Abstract
Underwater passive acoustics is used worldwide for multi-year monitoring of marine mammals. Yet, the large amount of audio recordings raises the need to automate the detection of acoustic events. For instance, the increasing number of Offshore Wind Farms (OWF) raises key environmental and societal issues relating to their impacts on wildlife. In this context, monitoring marine mammals along with information on their acoustic environment throughout the OWF life cycle is crucial. The objective of this study is to evaluate the ability of a single deep learning model to precisely detect and localize, in time and in frequency, the marine mammal sounds over a wide frequency range and classify them by species and sound types.

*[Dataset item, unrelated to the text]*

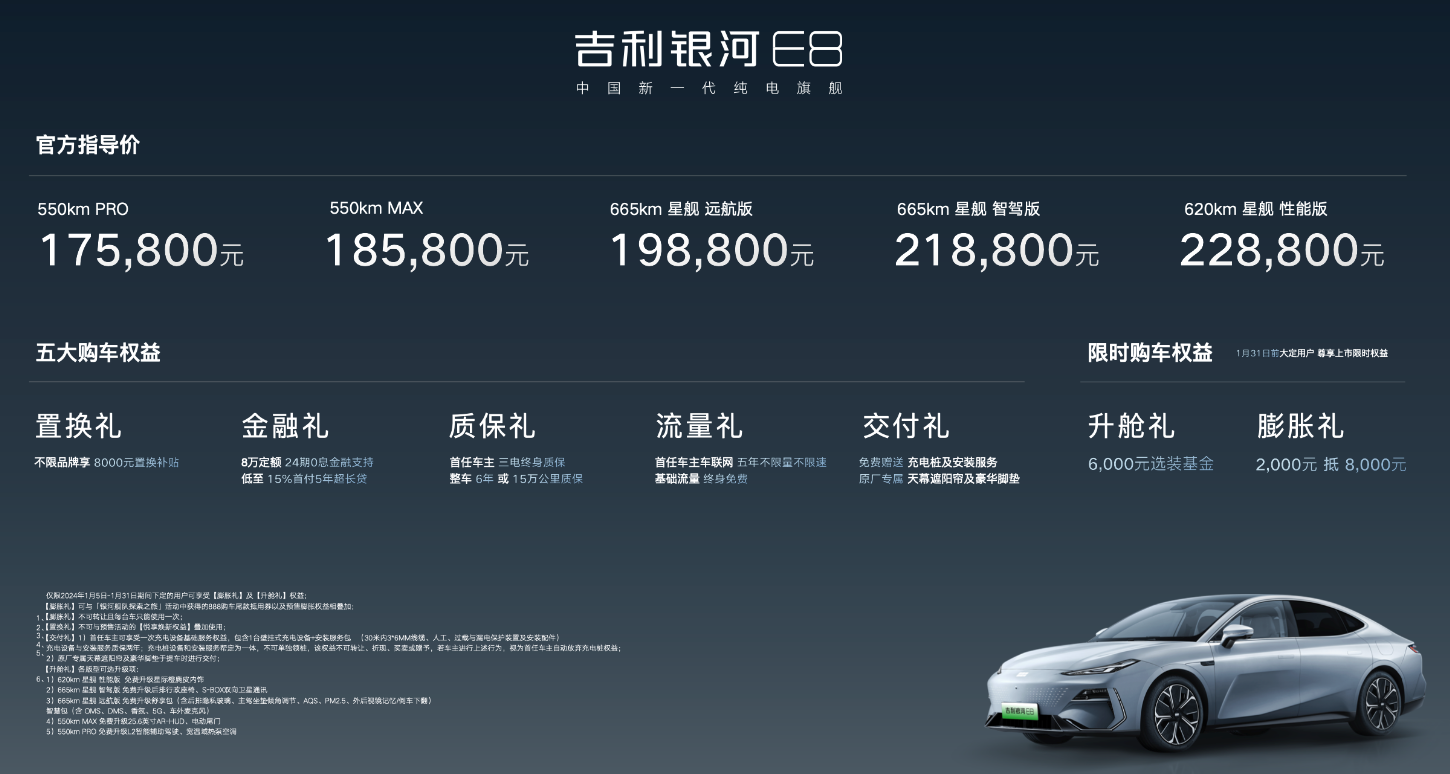 又到春节前购车热潮,基于SEA架构打造的5米宽体纯电轿车——吉利银河E8吸引了很多用户的目光,堪称过年必看、最值得入手的B级车。银河E8共推出5个版型,续航分别达到了550km、620km 、665km,售价区间17.58万元-22.88万元。五大版型该如何选择呢?今天,小编就结合不同版型的具体配置,为大家介绍下吉利银河E8该如何选购。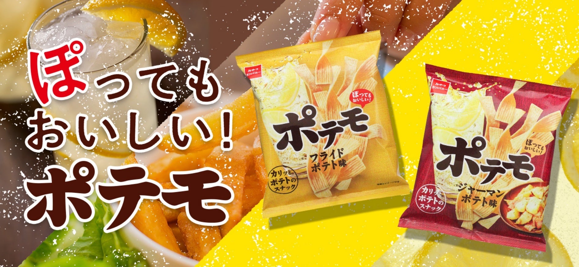 自宅でお酒を飲む”家飲み”の定着とともに、缶チューハイや缶ハイボールなどのRTD(=Ready To Drink)や、のど越し爽やかな強炭酸飲料が人気となっています。そんなシュワッと爽快なのど越しの炭酸系アルコールや炭酸ソフトドリンクとの相性抜群なポテトスナック菓子『ポテモ』に、これからの暑い夏にぴったりな爽やかな味わいの「塩レモン味」が期間限定で登場します。

A broadband hydrophone, deployed at the Fécamp OWF (Normandy, France), recorded the underwater soundscape including sounds from marine mammals occurring in the area. To visualize these sounds, 15-s spectrograms were computed. From these images, dolphin (D) and porpoise (P) sounds were manually annotated, including different types of sounds: Click-Trains (DCT, PCT), Buzzes (DB, PB) and Whistles (DW). The spectrograms were then split into five-fold cross-validation datasets, each containing one half of manual annotations and one half of only background noise. A Faster R-CNN model was trained to precisely detect and classify the marine mammal sounds in the spectrograms.
Three model output configurations were used: (1) overall detection of marine mammals (presence vs. absence), (2) detection and classification of species (two classes: dolphin, porpoise) and (3) sound types (five classes: DCT, DB, DW, PCT, PB). For the simplest configuration (1) 15.4 % of the spectrogram dataset had detections while missing only 6.6 % of annotated spectrograms. For the more precise configurations, (2) and (3), the mean Average Precision (mAP) achieved were 92.3 % (2) and 84.3 % (3), and the macro average Area under the curve (AUC) 95.7 % (2) and 94.9 % (3).
This model will help to speed up the annotation processes, by reducing the spectrogram quantity to be manually analyzed and having time-frequency boxes already drawn. Several model parameters can be adjusted to trade off missed detections and false positives which need to be carefully considered and adapted to the problem. For instance, these adjustments would be particularly relevant depending on the human resources available to manually check the model detections and the criticality of missing marine mammal sounds. These models are promising, ranging from the simple detection of marine mammal presence to precise ecological inferences over the long term.